Engineer finds transistors in Pentium processor that cost Intel $475 million 30 years ago

Electronics history and reverse engineering specialist Ken Shirriff said he was able to discover transistors in the first generation Intel Pentium processors that caused the “FDIV error” that cost the manufacturer $475 million in 1994.

Image source: oldbytes.space/@kenshirriff

The FDIV (Floating Point Division) bug was that processors did not correctly perform the division operation of floating point numbers. The expert armed himself with a microscope and examined the programmable logic array (PLA) responsible for this error. The Intel Pentium processor based on the P5 architecture was manufactured using the 800 nm process technology – the crystal contains 3.1 million transistors, and their arrangement can actually be studied under a microscope and the blocks of operations on the chip can be identified. With modern processors, which have tens of billions of transistors, this is impossible.

The floating point unit on Pentium processors was faster than on chips of the time, thanks to the SRT division algorithm, which allowed division at a rate of two bits per clock. In order for it to function correctly, a table of 2048 cells with the values ​​“-2”, “-1”, “0”, “1” and “2” was placed on the chip in 112 rows. The values ​​were expressed by the presence or absence of transistors in the cells. But five table entries were missing important transistors, resulting in default values ​​of “0” instead of the correct “2”. This caused floating point calculations to produce incorrect results.

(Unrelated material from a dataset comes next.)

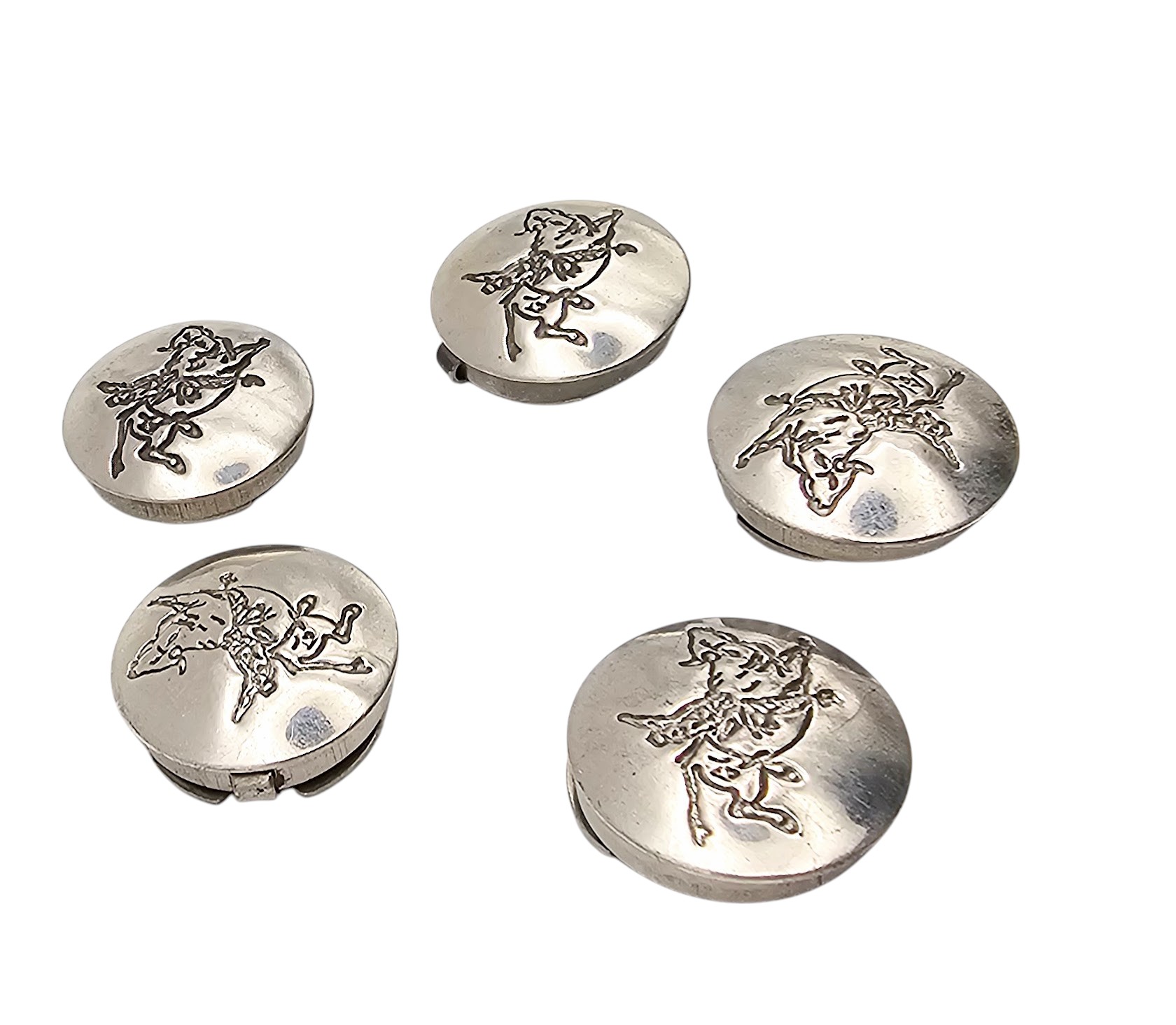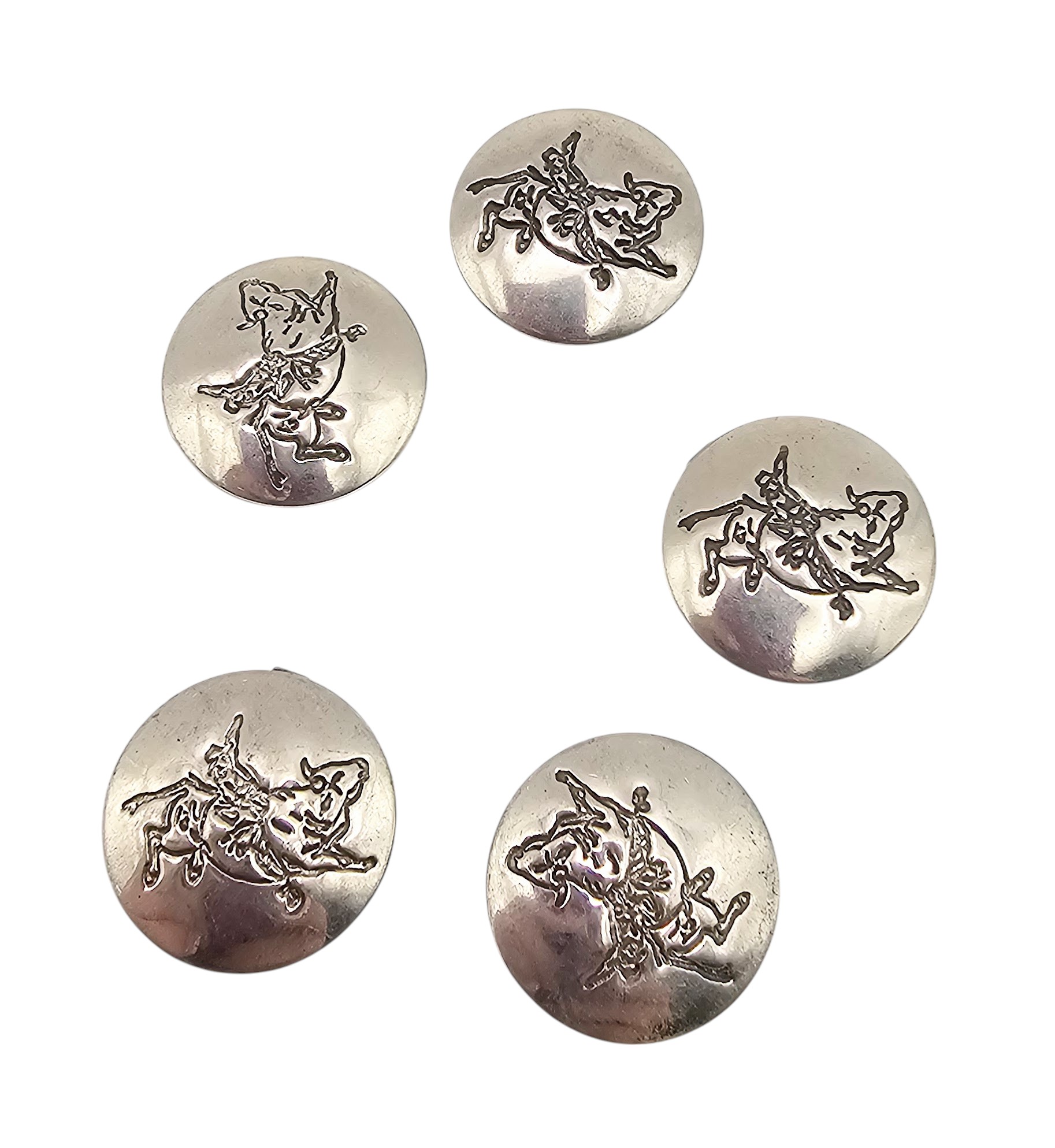 Southwestern Sterling Silver Bull with Rider Button Covers Lot of 5 18 G
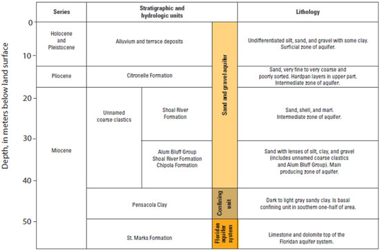 In general, the study area is underlain to depths of 76 m below land surface (bls) by unnamed clastics (sands, silts, clays, and gravels) of Miocene age, the Pliocene Citronelle Formation, and undifferentiated alluvium and terrace deposits of Holocene to Pleistocene age (Figure 2) [9]. These unconsolidated sediments record sedimentation by a prograding bayhead delta facies complex that lies unconformably over the Pensacola Clay of Miocene age. The Pensacola Clay was described by Hayes and Barr [10] as a regional confining unit with low permeability. The Pensacola clay overlies differentiated and undifferentiated limestones of early- to middle-Miocene age that compose the deeper Floridan aquifer system. Most wells that pump groundwater for human consumption tap the Upper Floridan.

The FDIV error was discovered by Lynchburg College mathematics professor Thomas R. Nicely, but Intel initially called it insignificant and said that it could only occur once every 27 thousand years. IBM, however, determined that it could occur every 24 days and stopped selling Pentium processors. As a result, Intel recalled all processors and suffered a loss of $475 million. It is noteworthy that as a result of the study, Shirriff revealed the absence of not 5 data points, as previously assumed, but 16, and 11 not previously detected did not cause errors “by pure luck,” the engineer noted . Intel ended up quickly fixing the bug by filling all the unused entries on the boards with “2” values, and it worked.